## WHAT IS EXPECTED
Every picture is to be removed, and all the data is to be copied exactly.

## DATA SHOWN
--

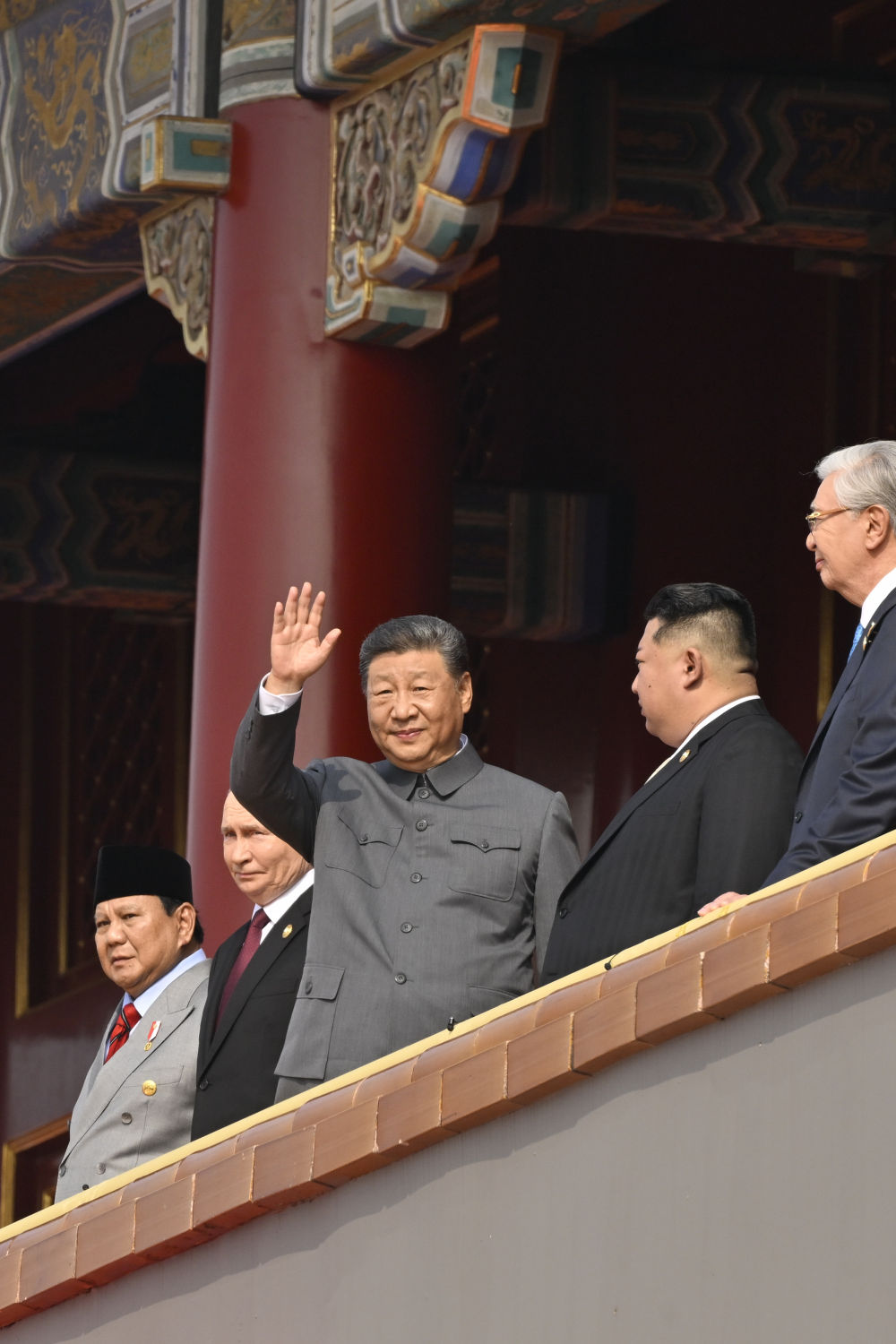 9月3日,纪念中国人民抗日战争暨世界反法西斯战争胜利80周年大会在北京天安门广场隆重举行。这是中共中央总书记、国家主席、中央军委主席习近平等在天安门城楼上。新华社记者 饶爱民 摄
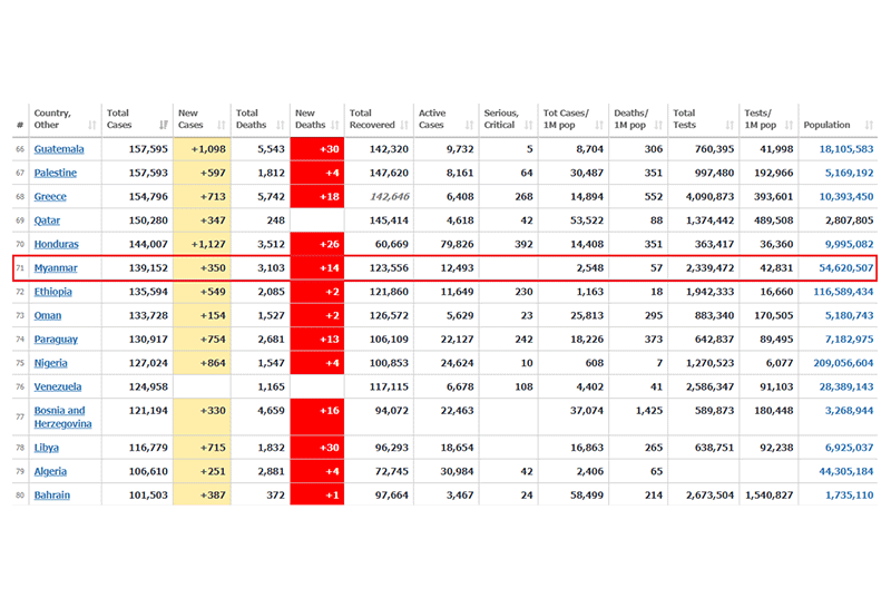 ขณะที่ประเทศเมียนมา อยู่ในอันดับที่ 71 พบผู้ติดเชื้อ 139,152 ราย เพิ่มขึ้น 350 ราย เสียชีวิต 3,103 ราย เพิ่มขึ้น 14 ราย รักษาหาย 123,556 ราย
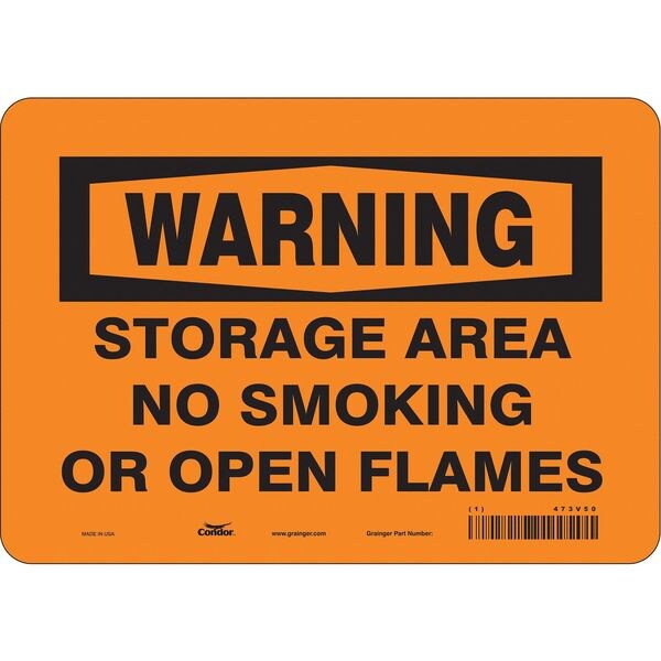 Safety Sign, Vertical Rectangle, Number of Printed Sides 1, English, Sign Format Traditional OSHA, Sign Legend Storage Area No Smoking Or Open Flames, Sign Legend Background Color Orange, Sign Legend Style Text
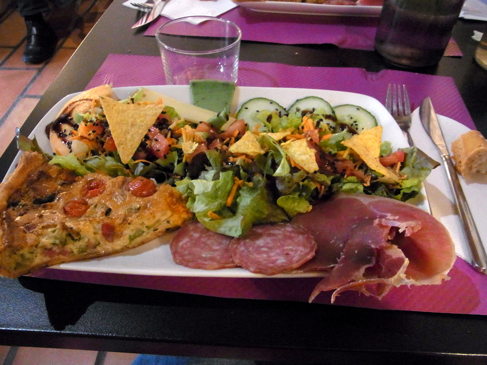 お昼はカリーヌさんが教えてくれたお薦めのレストランに行くことに。ただ、元々は時間があまりないので、地元のファーストフード店のようなところで食べる予定だったので、一応そちらも行ってみたが、閉まってた。このレストランはプリフィクスメニューみたいなのがあって、スープとプレートにしたけど、フランスでスープは珍しい! |

--

## OUTPUT
 9月3日,纪念中国人民抗日战争暨世界反法西斯战争胜利80周年大会在北京天安门广场隆重举行。这是中共中央总书记、国家主席、中央军委主席习近平等在天安门城楼上。新华社记者 饶爱民 摄
 ขณะที่ประเทศเมียนมา อยู่ในอันดับที่ 71 พบผู้ติดเชื้อ 139,152 ราย เพิ่มขึ้น 350 ราย เสียชีวิต 3,103 ราย เพิ่มขึ้น 14 ราย รักษาหาย 123,556 ราย
 Safety Sign, Vertical Rectangle, Number of Printed Sides 1, English, Sign Format Traditional OSHA, Sign Legend Storage Area No Smoking Or Open Flames, Sign Legend Background Color Orange, Sign Legend Style Text
 お昼はカリーヌさんが教えてくれたお薦めのレストランに行くことに。ただ、元々は時間があまりないので、地元のファーストフード店のようなところで食べる予定だったので、一応そちらも行ってみたが、閉まってた。このレストランはプリフィクスメニューみたいなのがあって、スープとプレートにしたけど、フランスでスープは珍しい! |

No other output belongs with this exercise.